February 12, 2015    4 minute read

The EU: A Perfect Storm?

   February 12, 2015    4 minute read

The EU: A Perfect Storm?

Some have begun being optimistic about the EU, in fact, markets reacted positively to the introduction of QE, the Euro is weaker, which makes exports more profitable for companies and imports more expensive hence reducing the threat of deflation. Europe has not panicked as a result of Greece’s elections, yet. Additionally, economies that were once on the edge of collapse such as Spain and Italy expect significant economic growth in the next few years. Economic growth in Spain for 2016 has been forecasted at 2.5%, and unemployment should fall to 20.7%. In Italy growth for 2016 has been forecast at 1.3% by the EU and unemployment will remain stable, under 13%. Additionally, the Bank of Italy has raised the 2016 economic growth forecast to over 1.5% as a result of QE and the weaker Euro. Finally, lower oil prices mean cheaper costs of production for firms that rely heavily on the commodity.

However, not everything is as good as it sounds, and it seems to be that many are perhaps being over-optimistic about the political and economic situation that we face in Europe. The political situation in Europe is considered unreliable, but puts into question the effectiveness of the artificial monetary policies introduced by the ECB.

I am not a supporter of market regulation and instrumental monetary policies and therefore I, personally, oppose QE. James Grant published in the Financial Times an article that highlights the tragedy of actual monetary policies:

A bond is a promise to pay money. When the nature of quantity of that money is a government’s to manipulate, the value of the promise comes in for question”.

James Grant

He also points out that the pound has lost 98% of its value since 1917, and questions how central banks and governments may react to a new recession with QE and almost zero percent interest rates already established, and the effect that this will have on people’s money.

On the other side of the coin it is also worth reading what Dr. Krugman, a strong supporter of QE, thinks about its likely effect on Europe’s economy:

“Will the QE policy turn this around? Unless it’s shockingly larger and more aggressive than expected, it’s hard to see how. Unconventional monetary policy works, if it does, largely by changing expectations; but the markets know this is coming, and are notably unimpressed.”

Dr Paul Krugman

Even economists committed to Keynesian economics doubt the effectiveness of the QE programme introduced by the ECB in Europe and whether it will actually have a real impact on the rate of inflation. My perspective is similar to that of Bill Gross, a veteran bond investor and founder of Pimco. He believes that as a result of very low interest rates in Europe, banks are unlikely to use the money introduced by QE to invest in the real economy.

There are more reasons to worry about Europe’s economy. QE is supposed to address deflation and help Europe to reach its target inflation rate of 2%; but what if the policy does not have the expected effect? With interest rates set at historically low levels and a QE policy established through the continent, there is not much more to do, and if inflation levels remain low, the margin to introduce new policies to change that trend is null.

The political environment in the union is far from ideal. The rise of Syriza in Greece is a threat to the political and economic stability of Europe.
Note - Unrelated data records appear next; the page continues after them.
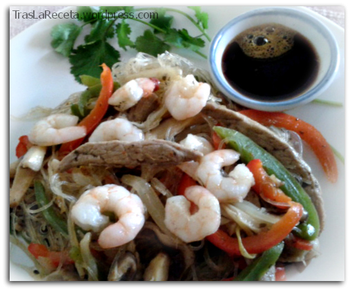 vermicelli salteados con verduras, ternera, gambas y salsa de cilantro
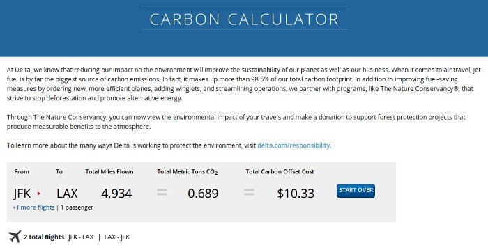 To offset round-trip flights between JFK and LAX, a donation of $10.33 is recommended. Delta also provides the ability to donate miles to The Nature Conservancy, but doesn't suggest a particular number of miles to offset specific flights.
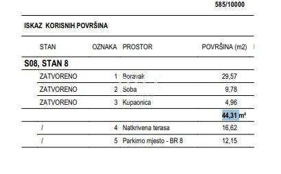 Basic characteristics: Apartment area: 44.31 m (maximum use of the floor plan) Terrace: Spacious covered terrace of 16.62 m ideal for enjoying summer evenings. Parking: Private parking space (12.15 m) included in the price. Location: Quiet street, only 300 meters of easy walk to the crystal clear sea.
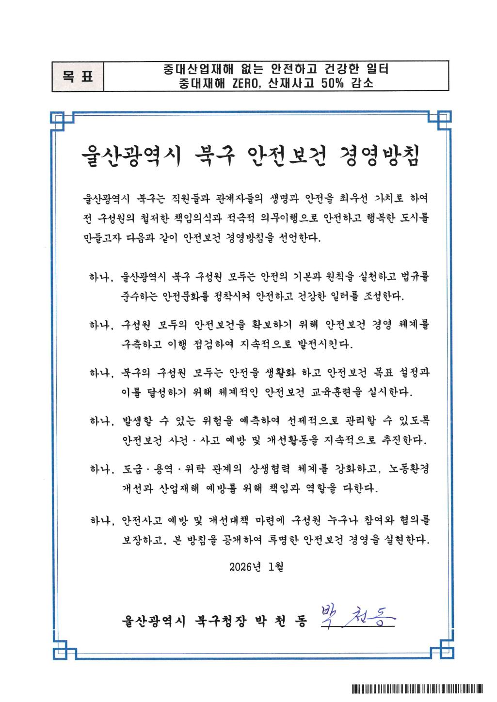| 「울산광역시 북구 안전·보건에 관한 목표 및 경영방침」 | |||||
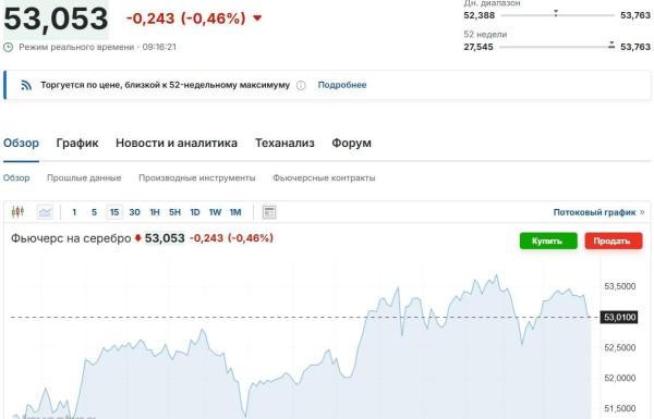 По данным биржи investing, по состоянию на 9:16 цена серебра достигла отметки в 53,05 доллара за унцию. Таким образом, 1 грамм металла стоит 1, 71 доллара.
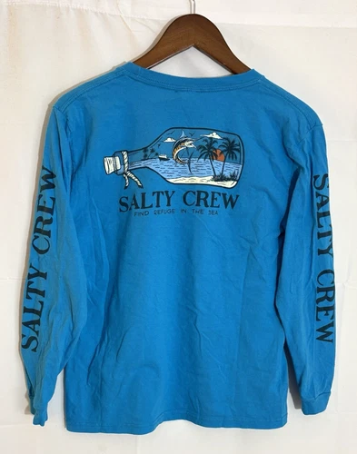Salty Crew Boy's Large Find Refuge In The Sea Blue Long Sleeve Graphic T-Shirt
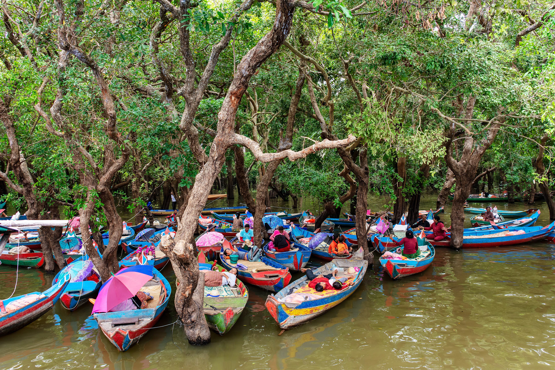 Around what becomes the flooded area is a belt of freshwater mangroves, which we were about to go through. Once we arrived at a floating restaurant, at the southern end of the village, we changed from the powered river vessel into a hand rowed flat-bottomed boat and were rowed through the mangroves for about 30 minutes before emerging at another floating restaurant on the Tonle Sap itself.
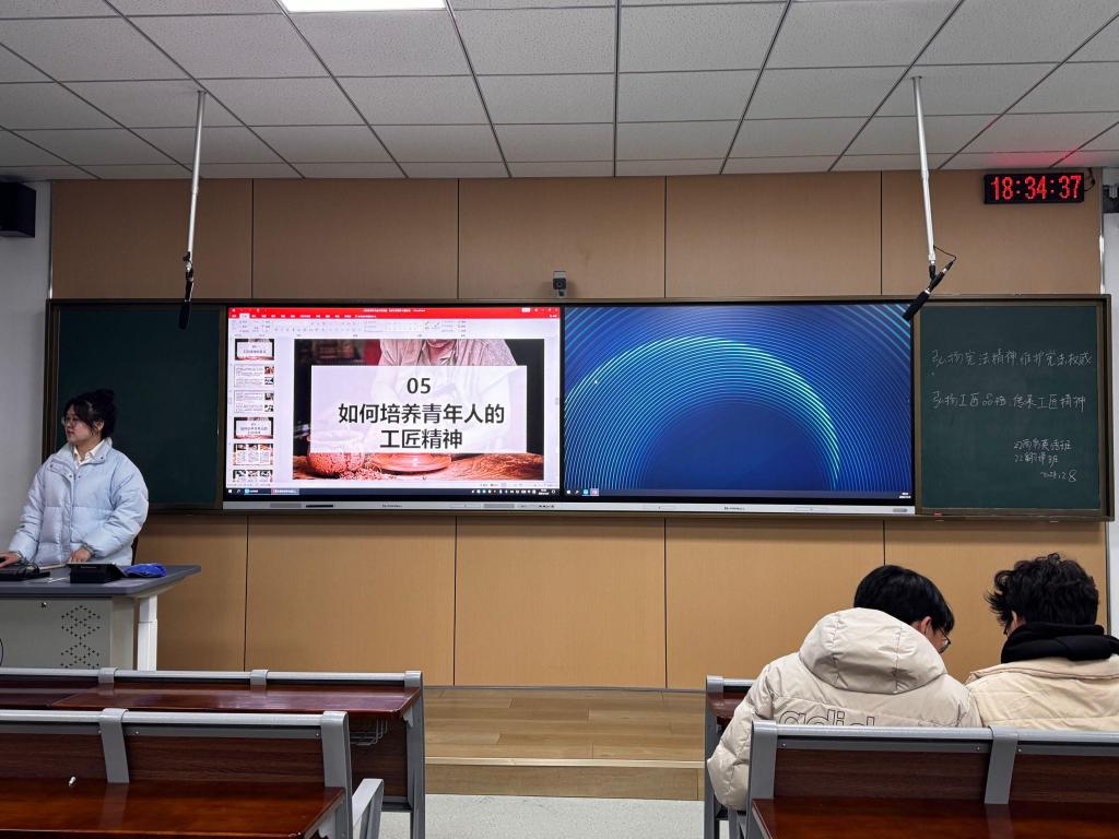 接着,组织委员借助丰富的事例引出工匠精神的重大意义。这些事例涵盖传统手工技艺与现代高端制造业,充分展现了工匠们的精湛技艺与执着追求。经过主持人的深入剖析,同学们深切体会到践行工匠精神,既能实现个人价值的最大化,又能推动社会风尚朝积极向上的方向发展。

Populism wins, stability loses. It is unlikely that Greece’s new governments will reach an agreement with Europe’s bureaucrats. This may push Greece into exiting the Eurozone leading to the monetary union losing all credibility. A number of European countries still have a large public deficit and are being financed through the ECB and financial markets. If populist movements expand across Europe and gain majorities in Parliaments, and Governments start questioning the repayment of public debts and austerity, the results can be devastating. It is logic not to lend money to someone who is not willing to pay it back to you. If governments run out of external liquidity, they will have to reduce expenditure, and this will lead to social unrest and will cause ramifications to the Eurozone.

The economy in Europe may become hostile in the upcoming year. Political instability will have some impact upon the macroeconomic environment. Worries of further deflation in the union are slowly disappearing, but political instability and a hostile environment could bring such worries back. The EU faces extremely challenging times, and while optimistic analysts are predicting better economic prosperity for the upcoming year, one should consider the possibility of a perfect storm, that may reach an unusual and devastating magnitude.